▶ _Excerpted data_

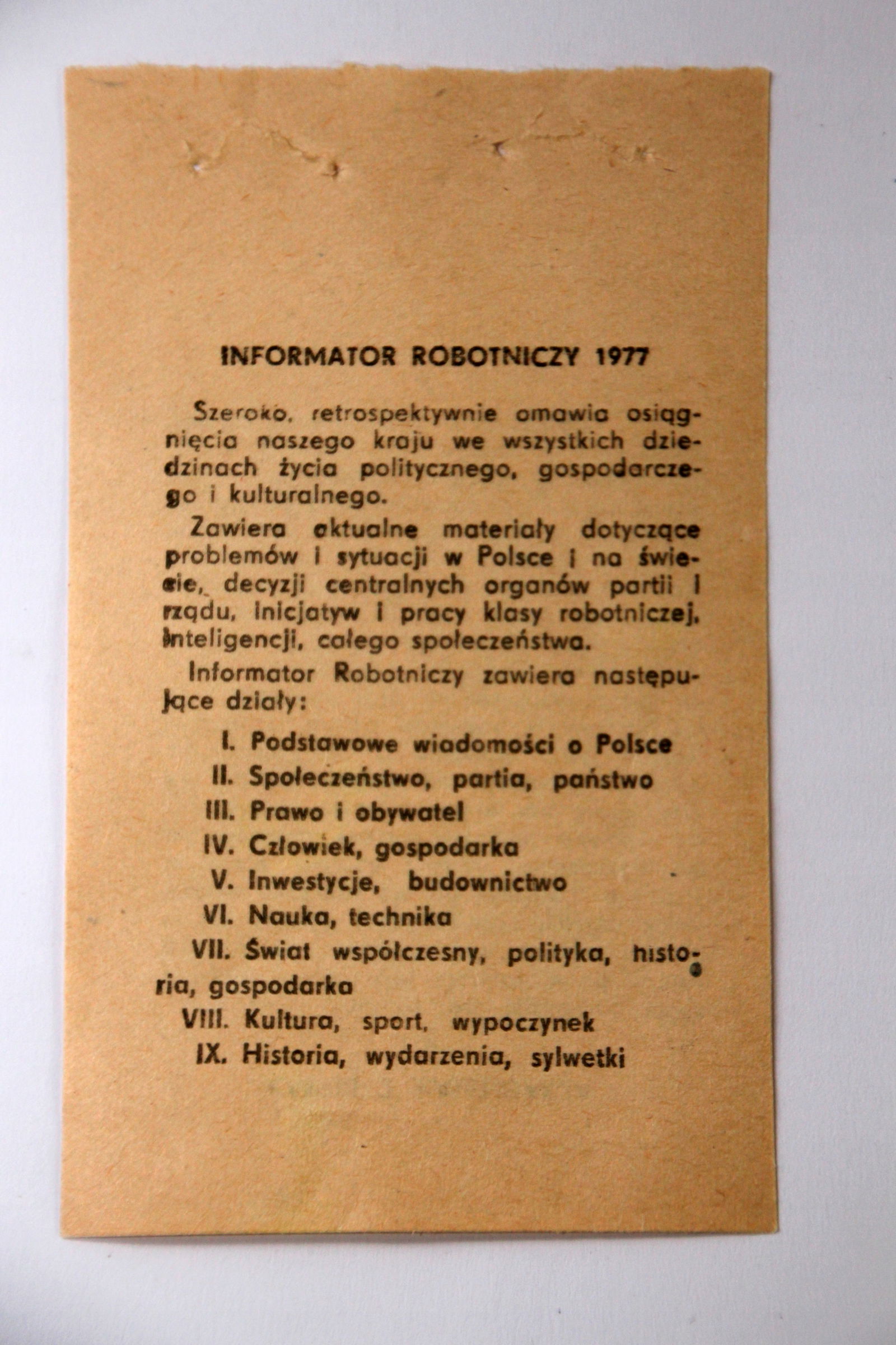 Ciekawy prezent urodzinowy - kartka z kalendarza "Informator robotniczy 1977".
---
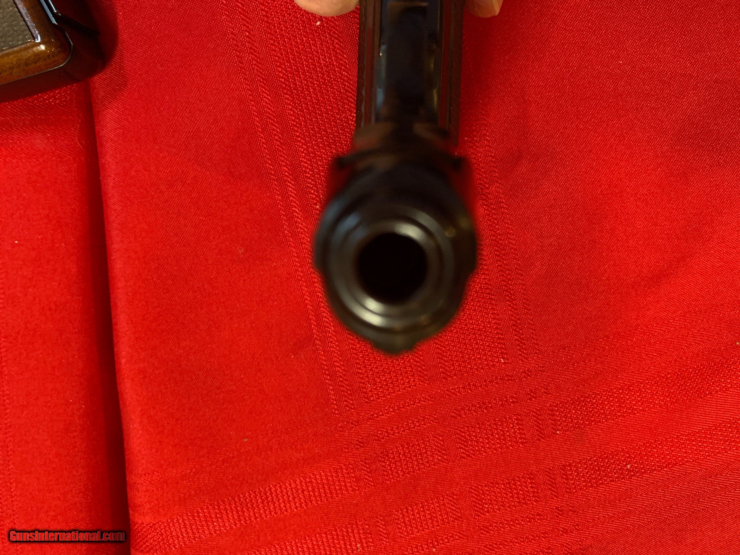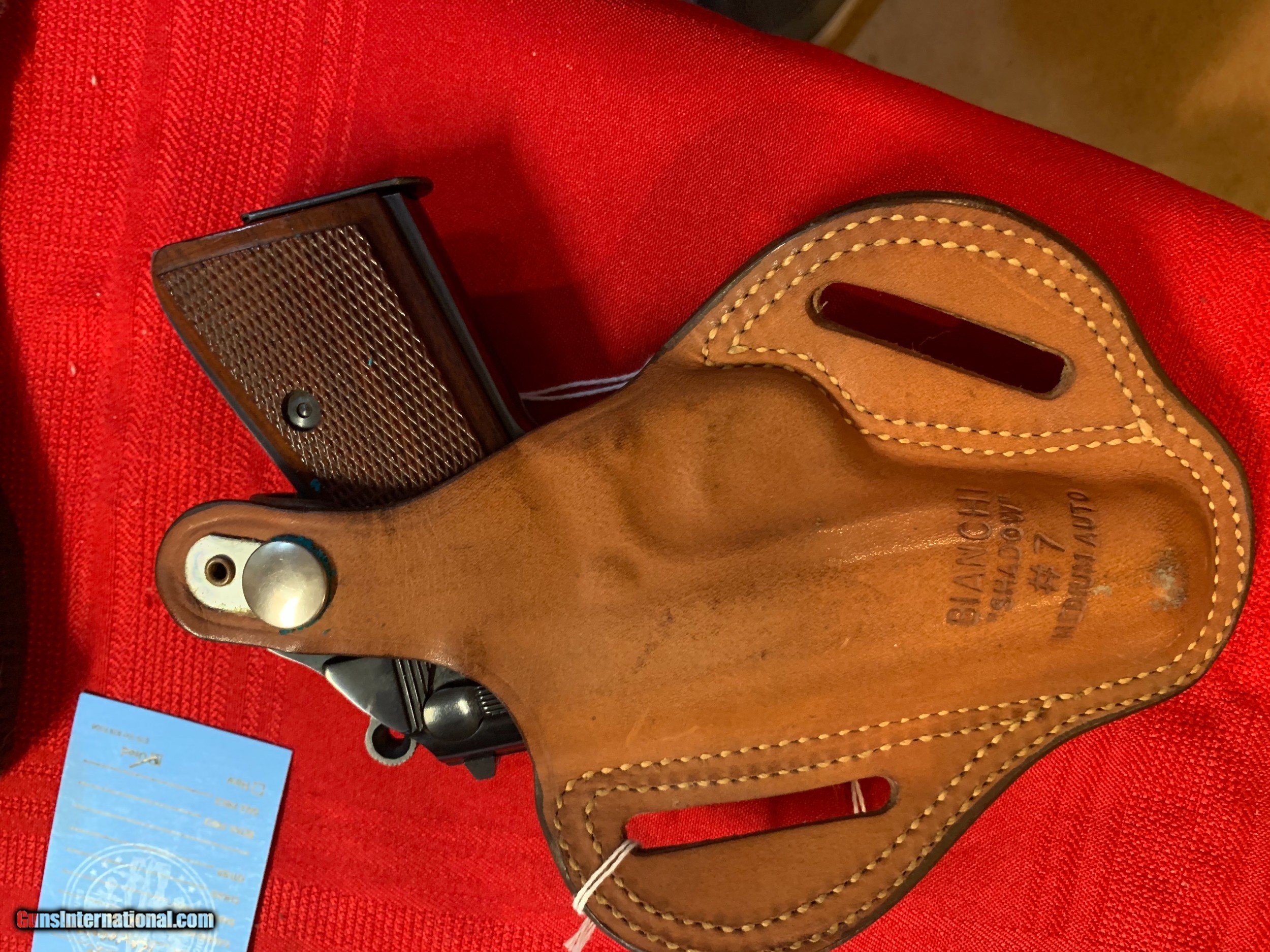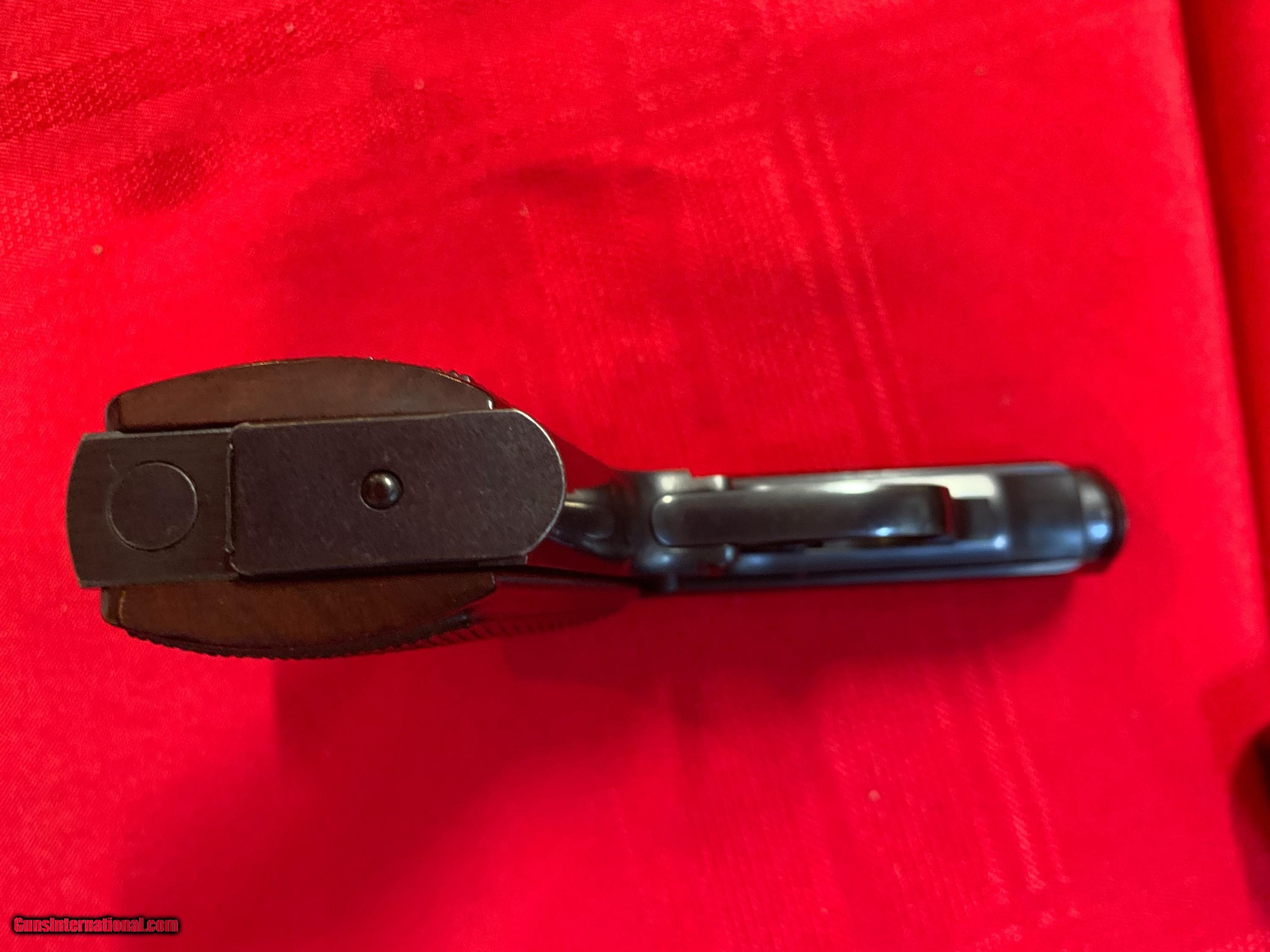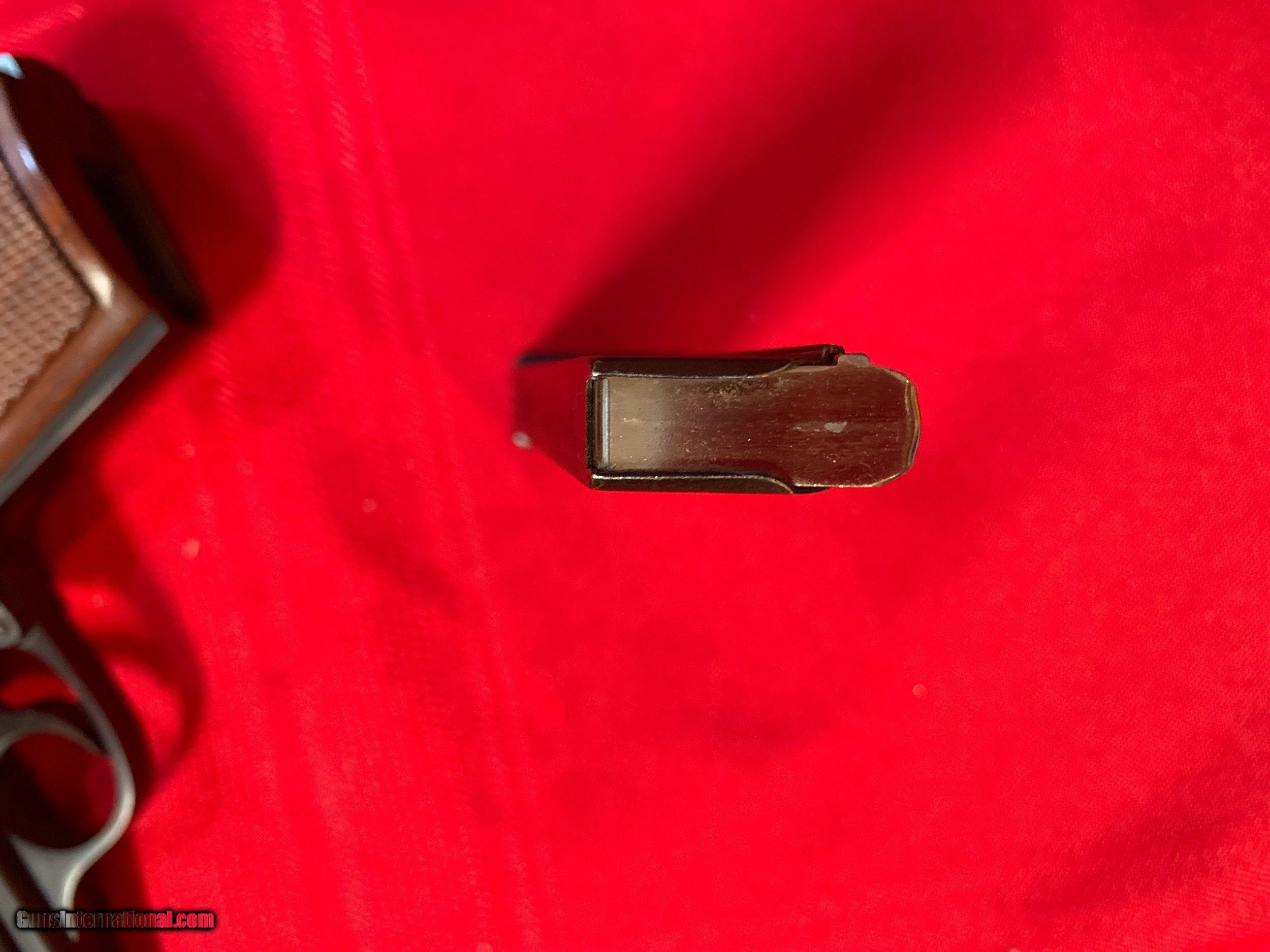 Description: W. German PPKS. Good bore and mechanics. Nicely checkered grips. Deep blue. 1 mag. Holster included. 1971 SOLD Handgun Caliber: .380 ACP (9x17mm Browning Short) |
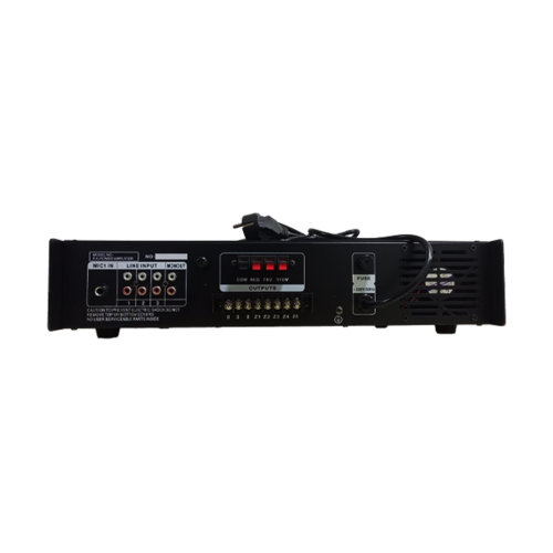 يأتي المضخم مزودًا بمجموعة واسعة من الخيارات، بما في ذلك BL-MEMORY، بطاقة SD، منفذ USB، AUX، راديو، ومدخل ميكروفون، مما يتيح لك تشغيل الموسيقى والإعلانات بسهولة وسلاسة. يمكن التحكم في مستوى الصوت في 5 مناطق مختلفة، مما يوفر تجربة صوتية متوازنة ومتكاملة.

▶ _Work to complete_
Using the data above, transcribe exactly the lines between those containing "Description: W. German" and "يأتي المضخم مزودًا", inclusive, and leave every picture behind.

▶ _Output_
 Description: W. German PPKS. Good bore and mechanics. Nicely checkered grips. Deep blue. 1 mag. Holster included. 1971 SOLD Handgun Caliber: .380 ACP (9x17mm Browning Short) |
 يأتي المضخم مزودًا بمجموعة واسعة من الخيارات، بما في ذلك BL-MEMORY، بطاقة SD، منفذ USB، AUX، راديو، ومدخل ميكروفون، مما يتيح لك تشغيل الموسيقى والإعلانات بسهولة وسلاسة. يمكن التحكم في مستوى الصوت في 5 مناطق مختلفة، مما يوفر تجربة صوتية متوازنة ومتكاملة.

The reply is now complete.